EXERCISE DIRECTIONS
A faithful, picture-free copy of the listing below is required.

INFORMATION SUPPLIED
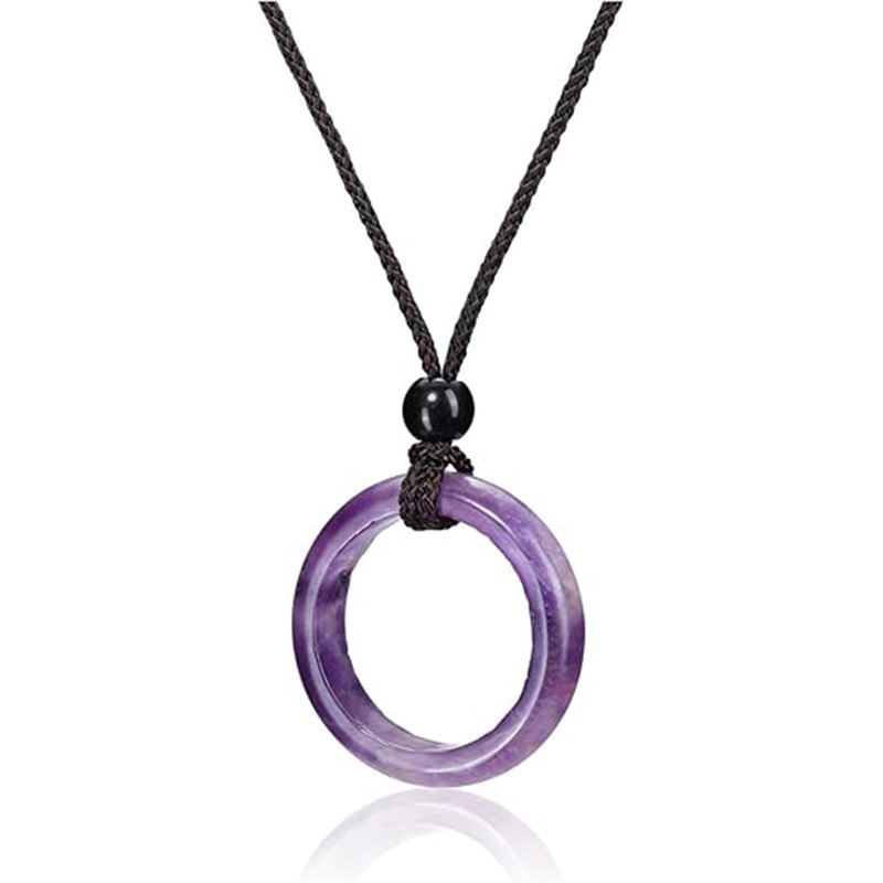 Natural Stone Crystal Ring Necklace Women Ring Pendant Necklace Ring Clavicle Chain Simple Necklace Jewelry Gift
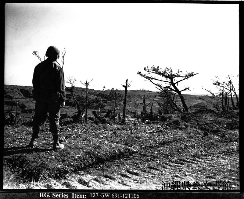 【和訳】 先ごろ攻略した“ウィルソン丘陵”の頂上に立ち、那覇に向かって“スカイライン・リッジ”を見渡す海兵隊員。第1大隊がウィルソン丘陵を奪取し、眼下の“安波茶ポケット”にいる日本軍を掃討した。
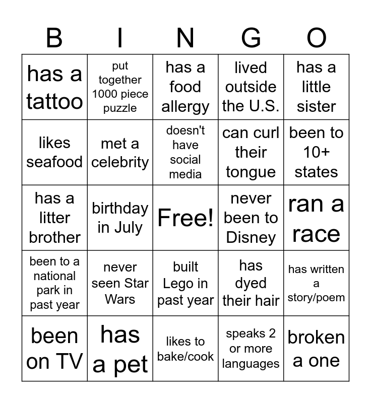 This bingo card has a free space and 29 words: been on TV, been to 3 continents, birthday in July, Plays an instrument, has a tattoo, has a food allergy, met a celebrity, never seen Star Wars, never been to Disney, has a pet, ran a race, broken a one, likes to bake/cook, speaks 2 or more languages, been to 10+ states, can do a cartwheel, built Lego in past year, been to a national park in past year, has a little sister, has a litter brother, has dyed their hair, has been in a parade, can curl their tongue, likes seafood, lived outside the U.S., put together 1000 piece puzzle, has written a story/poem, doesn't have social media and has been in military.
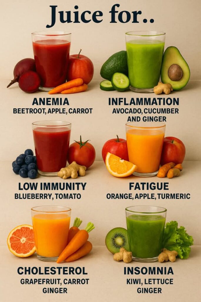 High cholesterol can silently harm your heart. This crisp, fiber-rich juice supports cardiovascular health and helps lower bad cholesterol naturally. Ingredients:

RESULT OF THIS TASK
 Natural Stone Crystal Ring Necklace Women Ring Pendant Necklace Ring Clavicle Chain Simple Necklace Jewelry Gift
 【和訳】 先ごろ攻略した“ウィルソン丘陵”の頂上に立ち、那覇に向かって“スカイライン・リッジ”を見渡す海兵隊員。第1大隊がウィルソン丘陵を奪取し、眼下の“安波茶ポケット”にいる日本軍を掃討した。
 This bingo card has a free space and 29 words: been on TV, been to 3 continents, birthday in July, Plays an instrument, has a tattoo, has a food allergy, met a celebrity, never seen Star Wars, never been to Disney, has a pet, ran a race, broken a one, likes to bake/cook, speaks 2 or more languages, been to 10+ states, can do a cartwheel, built Lego in past year, been to a national park in past year, has a little sister, has a litter brother, has dyed their hair, has been in a parade, can curl their tongue, likes seafood, lived outside the U.S., put together 1000 piece puzzle, has written a story/poem, doesn't have social media and has been in military.
 High cholesterol can silently harm your heart. This crisp, fiber-rich juice supports cardiovascular health and helps lower bad cholesterol naturally. Ingredients:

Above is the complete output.